> ASSIGNMENT:
Transcribe every line of the material below exactly, leaving out the pictures.

> SUPPLIED INFORMATION:
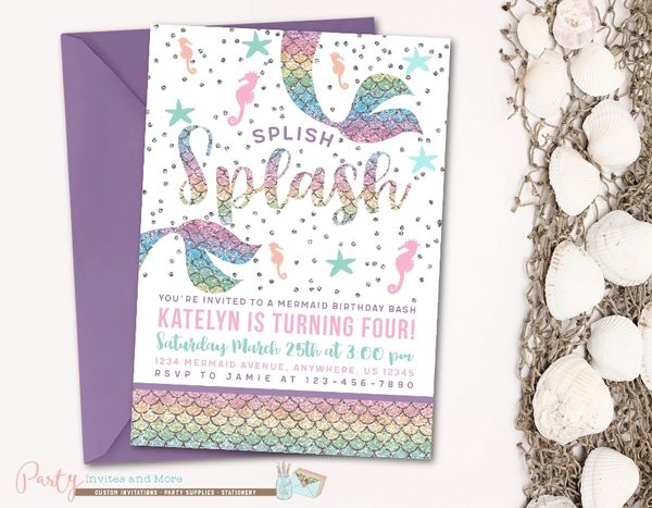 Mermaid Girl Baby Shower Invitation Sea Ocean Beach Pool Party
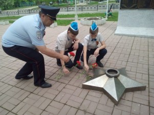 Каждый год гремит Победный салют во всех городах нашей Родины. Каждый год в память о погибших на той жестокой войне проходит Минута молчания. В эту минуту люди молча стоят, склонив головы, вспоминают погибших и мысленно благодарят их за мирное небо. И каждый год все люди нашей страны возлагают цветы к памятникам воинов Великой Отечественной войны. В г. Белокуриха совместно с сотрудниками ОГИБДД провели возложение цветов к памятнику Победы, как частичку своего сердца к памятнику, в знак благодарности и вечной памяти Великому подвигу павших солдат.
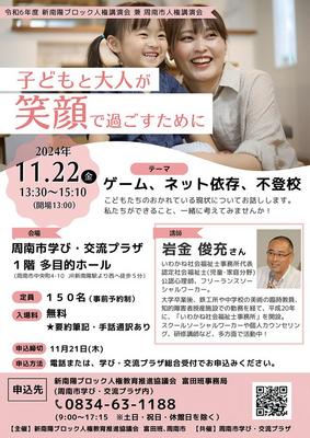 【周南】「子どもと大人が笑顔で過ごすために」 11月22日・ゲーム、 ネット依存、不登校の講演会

> SOLVED PROBLEM:
 Mermaid Girl Baby Shower Invitation Sea Ocean Beach Pool Party
 Каждый год гремит Победный салют во всех городах нашей Родины. Каждый год в память о погибших на той жестокой войне проходит Минута молчания. В эту минуту люди молча стоят, склонив головы, вспоминают погибших и мысленно благодарят их за мирное небо. И каждый год все люди нашей страны возлагают цветы к памятникам воинов Великой Отечественной войны. В г. Белокуриха совместно с сотрудниками ОГИБДД провели возложение цветов к памятнику Победы, как частичку своего сердца к памятнику, в знак благодарности и вечной памяти Великому подвигу павших солдат.
 【周南】「子どもと大人が笑顔で過ごすために」 11月22日・ゲーム、 ネット依存、不登校の講演会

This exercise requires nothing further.